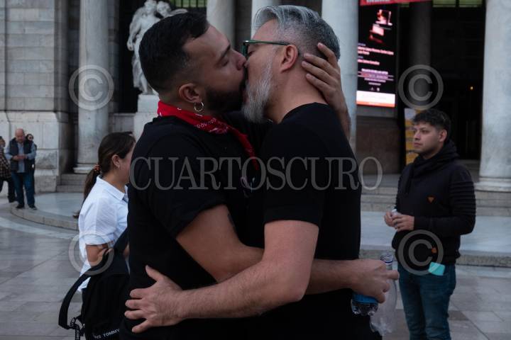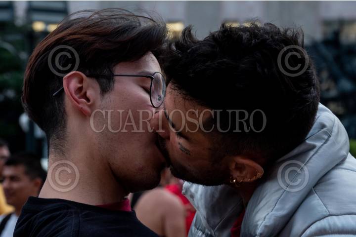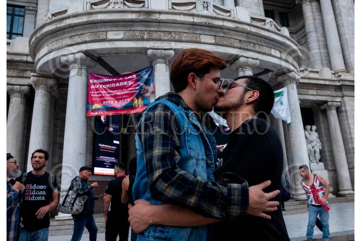 CIUDAD DE MÉXICO, 01DICIEMBRE2023.- Integrantes de la comunidad LGBTTTIQPA+ se manifestaron en el marco del Día Mundial de la Lucha contra el Sida con un Besotón frente al Palacio de Bellas Artes. FOTO: GALO CAÑAS/CUARTOSCURO.COM
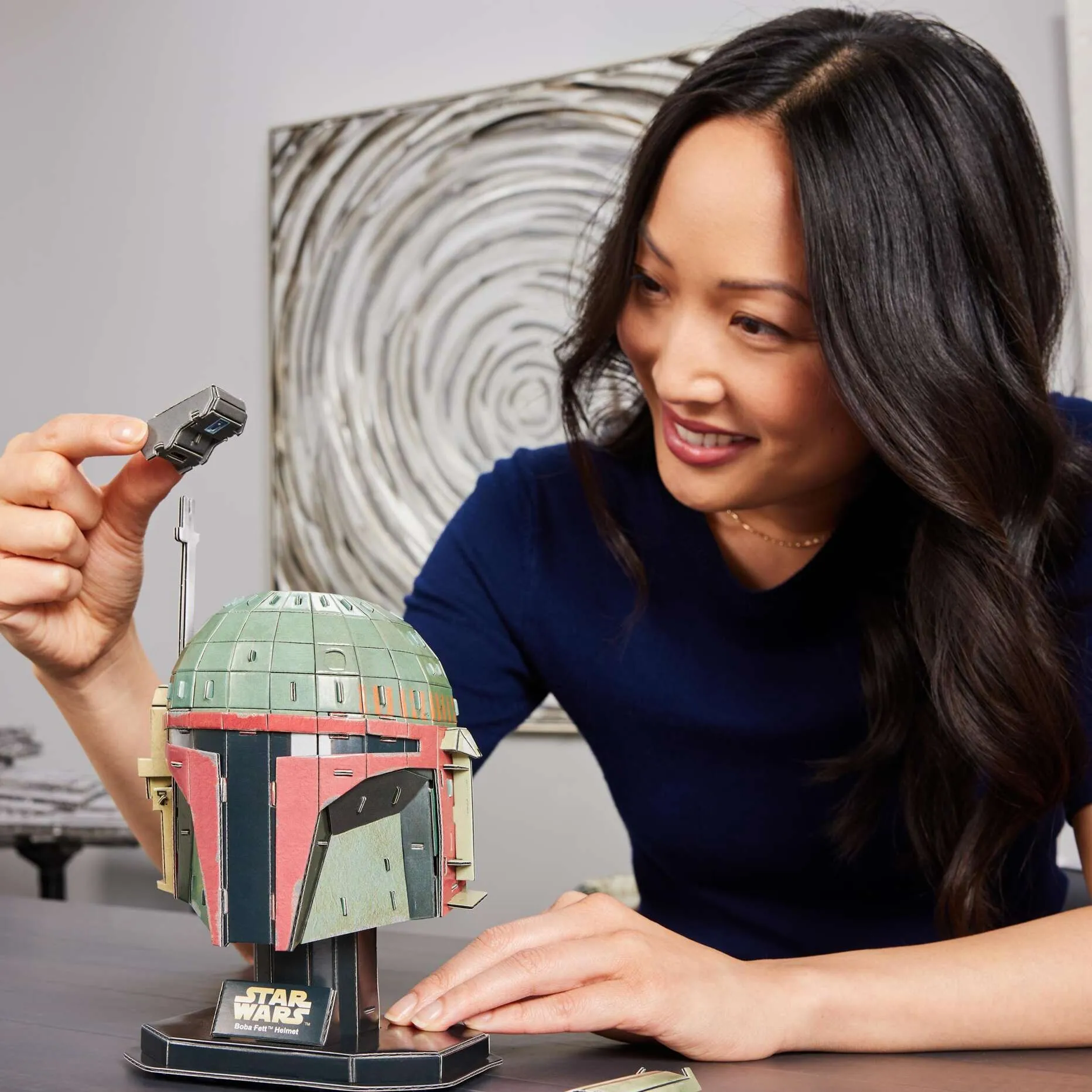 3D puzzle 4D Build Star Wars Boba Fett kaciga omogućuje fanovima da slože legendarnu kacigu lovca na ucjene do najsitnijeg detalja. Sa 93 unaprijed izrezana dijela i preciznim otiskom, svaki zavoj i udubina izgleda kao u filmu. Gotov model savršen je za izlaganje i potiče epske Star Wars avanture u svakoj sobi.
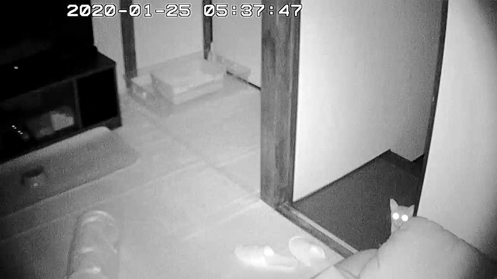 これは、昨日の未明の事、1階でトイレをしていたアビのすけ君。
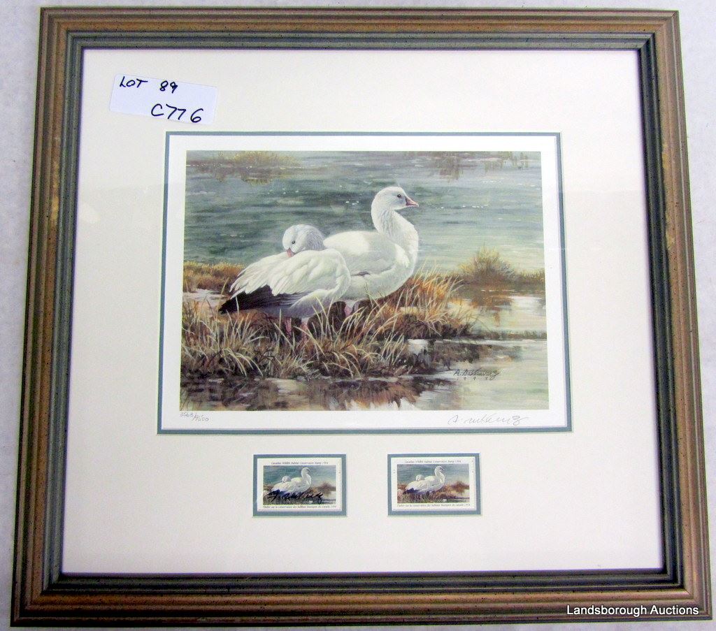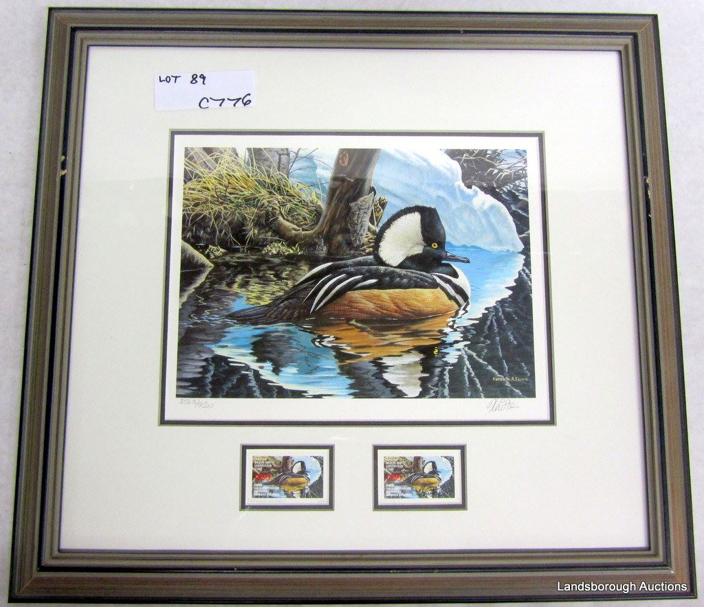 1993 PRINT BY KENNETH A. FERRIS TITLED SPRING: HOODED MEGANSER. THE OTHER IS 1994 SNOW GOOSE PRINT BY A. SAKHAVARZ. BOTH COME WITH MATCHING CONSERVATION STAMPS.
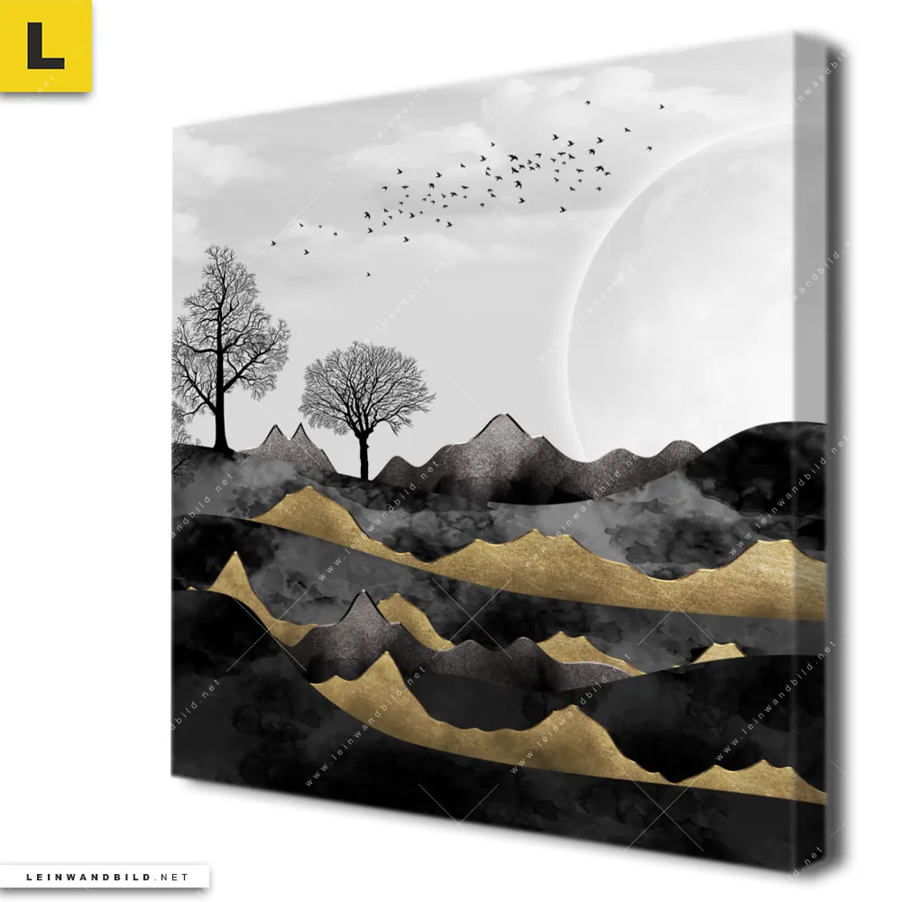 Bitte beachte, dass die Farben, der auf dem Monitor abgebildeten Berglandschaft in schwarz-gold Darstellung, möglicherweise von den Originalfarben abweichen können.

━━━━

Nothing but the lines from the line containing "これは、昨日の未明の事、1階でトイレをしていたアビのすけ君。" through the end of the data, both ends included, is to be reproduced, exactly as written and without the pictures.

Exercise output —
 これは、昨日の未明の事、1階でトイレをしていたアビのすけ君。
 1993 PRINT BY KENNETH A. FERRIS TITLED SPRING: HOODED MEGANSER. THE OTHER IS 1994 SNOW GOOSE PRINT BY A. SAKHAVARZ. BOTH COME WITH MATCHING CONSERVATION STAMPS.
 Bitte beachte, dass die Farben, der auf dem Monitor abgebildeten Berglandschaft in schwarz-gold Darstellung, möglicherweise von den Originalfarben abweichen können.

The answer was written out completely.